The problem: All that is wanted is the exact lines from the one with "テストに成功するとテスト成功画面が表示され、取得した値が表示されます。" through the last line of the entries, with both ends kept and every picture left out.

[Records drawn from a dataset]

***

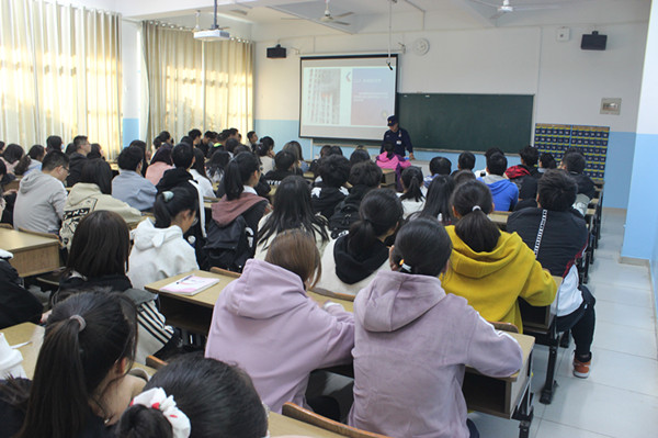 首先吴波队长在乐业楼102教室为同学们主讲了消防安全知识专题讲座,在讲座中,他首先播放了火灾现场的视频,详细讲解了火灾的基础知识,预防火灾的基本原理;他提醒同学们一定要提高消防安全意识,严格遵守各项防火安全制度、严格执行校园规章制度和防火安全制度、在宿舍内坚决不卧床吸烟,不乱扔烟头等;接着他具体介绍了建筑消防设施的操作使用及消防器材的使用以及预防火灾12字——去火源、降荷载、强设施、畅通道。最后重点说明如何正确拨打119火警电话以及遇到火灾的应对的措施和逃生方法。
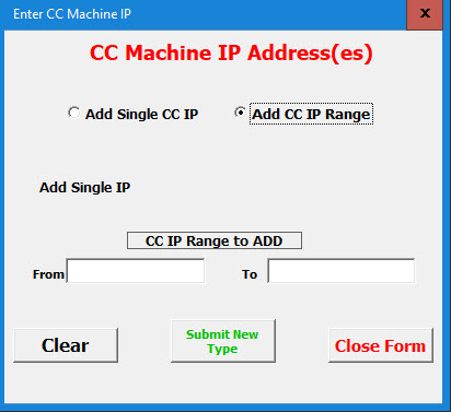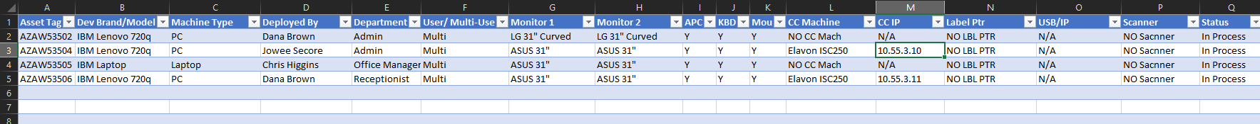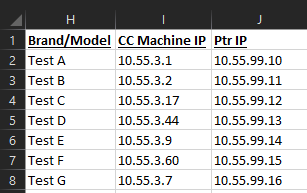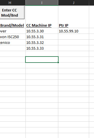 1 | IP Address | In Use? | 1 | Brand/Model | CC Machine IP |
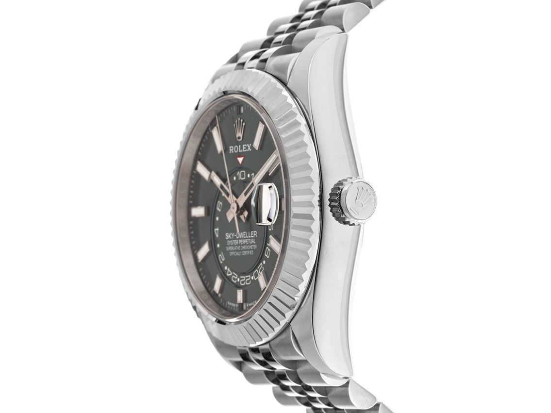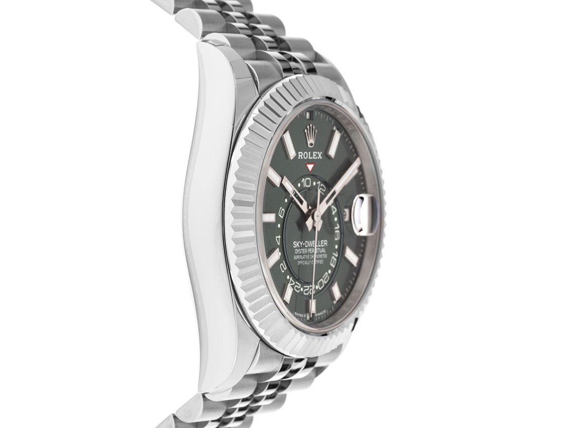 Rolex Sky-Dweller Stahl 18kt Weißgold Automatik Armband JubiléGehäuse Edelstahl poliert und satiniert, Gehäusedurchmesser ohne Krone 42mm, Gehäusehöhe 14,1mm. Lünette 18kt Weißgold poliert, geriffelt und beidseitig drehbar zur Steuerung der Funktionen. Armband Jubilé Edelstahl poliert und satiniert, Rolex Faltschließe mit Hersteller-Logo. Zifferblatt mintgrün mit aufgesetzten weißgoldenen Leuchtindexen und weißgoldenen Leuchtzeigern. Uhrwerk Automatik, Chronometer mit Zeugnis, Rolex Manufakturkaliber 9002 mit 40 Edelsteinen, Parachrom-Breguet-Spirale, Glucydur-Unruh, Gangreserve ca. 72 Stunden. Anzeige von Stunde, Minute und Sekunde über Zeiger aus der Mitte mit Sekundenstopp zur sekundengenauen Einstellung der Uhrzeit, Datumsanzeige mit Schnellverstellung unter Glaslupe bei 3 Uhr, zweite Zeitzone (zusätzliche 24 Stunden Anzeige) aus der Mitte, Monatsanzeige in zwölf Sichtfenstern am Außenrand des Zifferblatts. Saphirglas kratzfest. Krone verschraubbar mit Hersteller-Logo. Boden Edelstahl verschraubt. Gewicht der Uhr inklusive Armband 171g, Länge des Armbandes inklusive Gehäuse 180mm. Wasserdicht bis 10 ATM. Referenznummer: 336934 , ID: P2590436000326H-26500/17300, Artikelnummer: 10000084945. Original Rolex Box mit Umkarton und Garantie Papiere von Januar 2026, neue Rolex Garantie Karte ohne Ländercode sowie Beschreibung, Ledermäppchen, Rolex Chronometer-Siegel und Watchregister Auszug von März 2026, The Watch Register Zertifikat / ohne Eintrag (Internationale Datenbank für verlorene oder gestohlene Uhren), Full Set. Superschnäppchen, Kapitalanlage mit Wertsteigerungspotential, aus erster Hand, Tresoruhr. Ungetragen. Lieferzeit sofort.
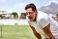 • Man, rugby and tired on match at field with sweat for sports game, tournament and competition in New Zealand. Male person, stadium and exhausted as player or athlete on half time with workout
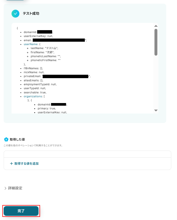 テストに成功するとテスト成功画面が表示され、取得した値が表示されます。
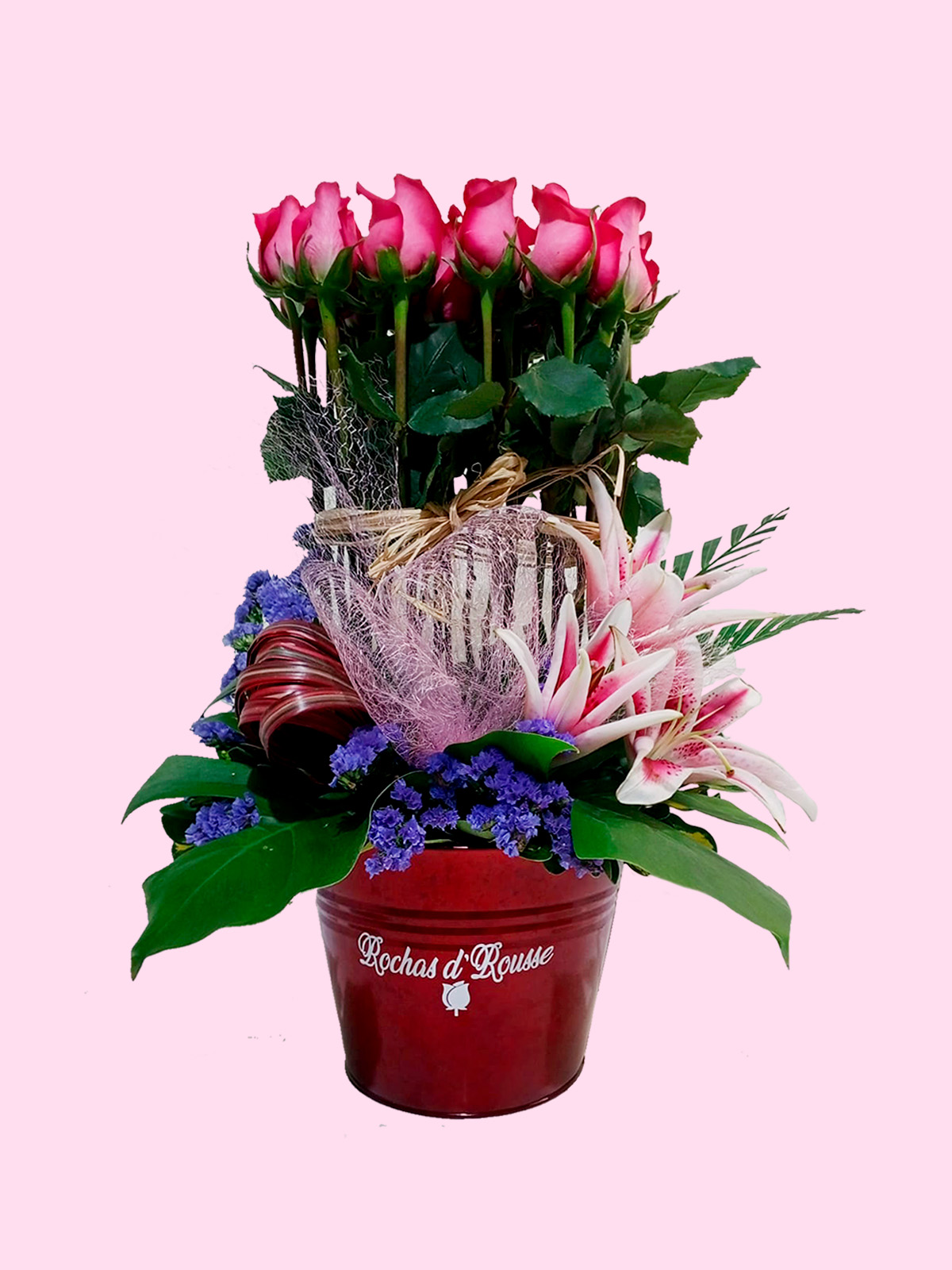 • Incluye: Rosas rosadas de alta calidad, lirios matizados, flores de statice morado, follaje decorativo, lazo y base de balde metálico brandeado.

***

Answer section:
 テストに成功するとテスト成功画面が表示され、取得した値が表示されます。
 • Incluye: Rosas rosadas de alta calidad, lirios matizados, flores de statice morado, follaje decorativo, lazo y base de balde metálico brandeado.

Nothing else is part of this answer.